Увидев дочь в окне, Каденька тут же отложила свои дела, и решительно направилась в комнату Любочки. Аглаи и Нади дома не было, Левонтий Макарович и Вера при встречах всегда проводили время в библиотеке, Светлана возилась на кухне, а Айшет Каденька только что видела во дворе. Так что никакого догляда Леокардия Власьевна как будто не опасалась, однако, входя в комнату младшей дочери, осматривалась с видом нервным и недовольным. Недовольство имело направленность на себя. Именно собой в сложившихся обстоятельствах была недовольна Каденька, но иного выхода уж не видела. Давно собиралась, и до́лжно было когда-то прояснить… Отчего не теперь? В Любочкиных запальчивых словах отчетливо сквозило вовсе не выдуманное ею, а наличное и нынче действующее чувство, приводящее в согласное движение все силы ее души. В отличие от скрытницы Аглаи, никакого текущего романа в Егорьевске у Любочки явно нет. Следовательно…

Наморщив лоб, Каденька открыла ящик комода, приподняла стопку белья и взяла в руки один из многих одинаковых конвертов. Письма, которые Любочка уже много лет получает из Петербурга от сестер Козловых. Вон сколько скопилось…

Помедлив, Леокардия Власьевна достала сложенный в четыре раза лист, развернула его. Читать чужие письма – гадость, гадость! Но как же иначе разрешить? Подчерк был четким и, пожалуй, красивым, но от волнения буквы как-то расплывались у Каденьки перед глазами. Наконец, она пересилила себя, прочла не первый, а из середины абзац.

«… Зимние катания в саду «Аквариум» бывают преизрядные. Публика самая пестрая, и крутится, и вертится под музыку, подобно суетящимся в соломе полевым воробьям. Горят разноцветные электрические фонари, и самые причудливые тени ложатся на лед. Помните ли вы, Любочка, наши катания на Березуевских разливах, когда неугомонная Софи заставила буквально весь город встать на коньки? Как юны, грациозны и несравненны вы были тогда! Я бережно храню в памяти каждую минуту наших кратких встреч и если бы забыл…»

Плотно зажмурившись и едва не прорвав ногтями слегка пожелтевшую бумагу, Каденька опустила письмо, а потом, вдохнув, вновь поднесла его близко к глазам, сосредоточившись на последней строчке.

«…Остаюсь навсегда ваш – Николай Полушкин.»

Так. Слегка дрожащей рукой Каденька сложила письмо, сунула его обратно в конверт, и положила на место в стопку под белье.
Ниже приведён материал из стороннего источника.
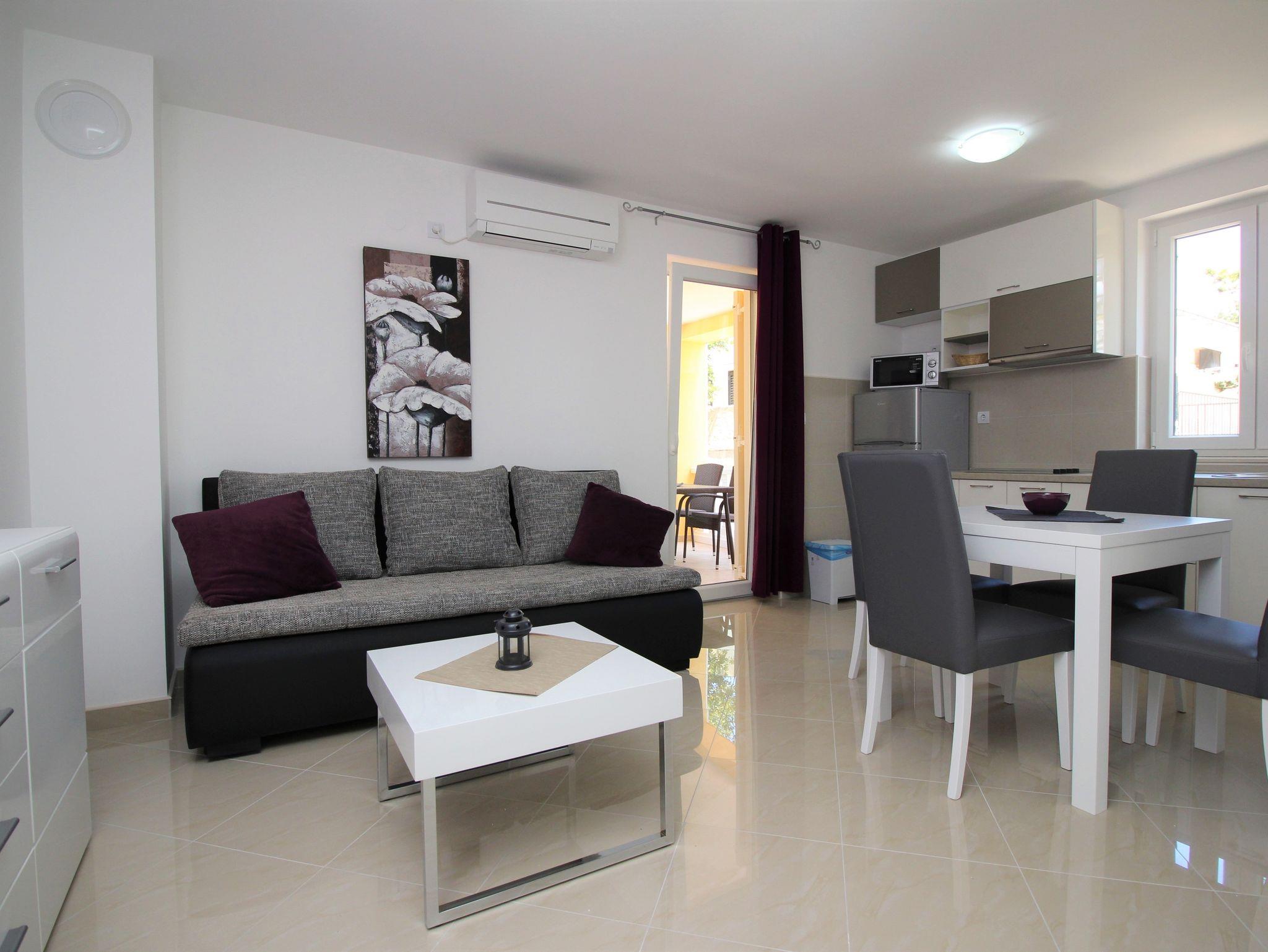 Ferienwohnung bietet Platz für 3 Gäste. Die Betten sind in Schlafzimmern, die es 1 gibt, und in Wohnzimmer, innerhalb einer Gesamtfläche von 42m2, angeordnet. Die Gäste haben eine eigene Terrasse zur Verfügung, auf der sie in warmen Sommernächten genießen können. Es ist erlaubt, Speisen auf dem Gemeinschafts-Grill vorzubereiten. Während ihres Aufenthalts können Gäste das gemeinsam zur Nutzung stehende Schwimmbad benutzen. IM PREIS INBEGRIFFEN: Endreinigung, Klimatisierung, Pool, Parkplatz, Internet, Bügeleisen, Föhn. VERBINDLICHE ZUSÄTZLICHE KOSTEN: Kurtaxe (Erwachsene 0,93 € - 2,20 € Nacht/Person, Kinderermäßigung 12 - 17 Jahre), Aufzahlung für Kurzaufenthalte (prozentualer Zuschlag pro Nächtigungsanzahl: 30% - 1, 20% - 2, 10% - 3). Die Verfügbarkeit zusätzlicher Dienstleistungen in Ihrem reservierten Termin und die Preise derselben (falls nicht aufgeführt) müssen im Voraus überprüft werden. Zusätzliche Dienstleistungen die in der Zahlungsaufforderung nicht aufgeführt sind werden direkt beim Vermieter bezahlt, angenommen der Gast nutzt auch diese.

Задвинула ящик комода.

«Интересно, что действительно поделывают сейчас петербургские мещаночки сестры Козловы, чья призрачная жизнь вот уже много лет является производной Любочкиной фантазии? Ведь есть же у них какая-то настоящая судьба… Впрочем, какая разница!»

Медленно покачивая головой и сама не замечая этого, Каденька вышла из комнаты дочери, и, против обыкновения, шаркая ногами, побрела в спальню. Внезапно ей захотелось прилечь.

От нервного неудобства Карпа Платоновича, как всегда, тянуло почесаться. Он поводил плечами в разные стороны, переступил босыми ногами и несколько раз подряд поднял подбородок. Желание не исчезло.

– Что, соколик Карпушенька, чешется опять? – понятливо спросила Фаня. – Так не стесняйся меня, скажи. Я почешу. Где оно? Вот тут, на спинке?

Попадья деловито поскребла продолговатыми, чистыми ногтями широкую спину урядника. Карп Платонович зажмурился от удовольствия.

– Вот и славно, вот и хорошо, – промурлыкала Фаня. – Теперь ложись, соколик Карпуша, в кроватку, а я – тебе под бочок. Ты уж сегодня больше спрашивать-то не будешь?

Карп Платонович, не открывая глаз, отрицательно помотал головой. Ему было страшно неловко, и все казалось нелепым и негожим, и непонятно, как поступить… А главное, такая незадача случилась с ним в первый раз за все пятнадцать лет беспорочной службы.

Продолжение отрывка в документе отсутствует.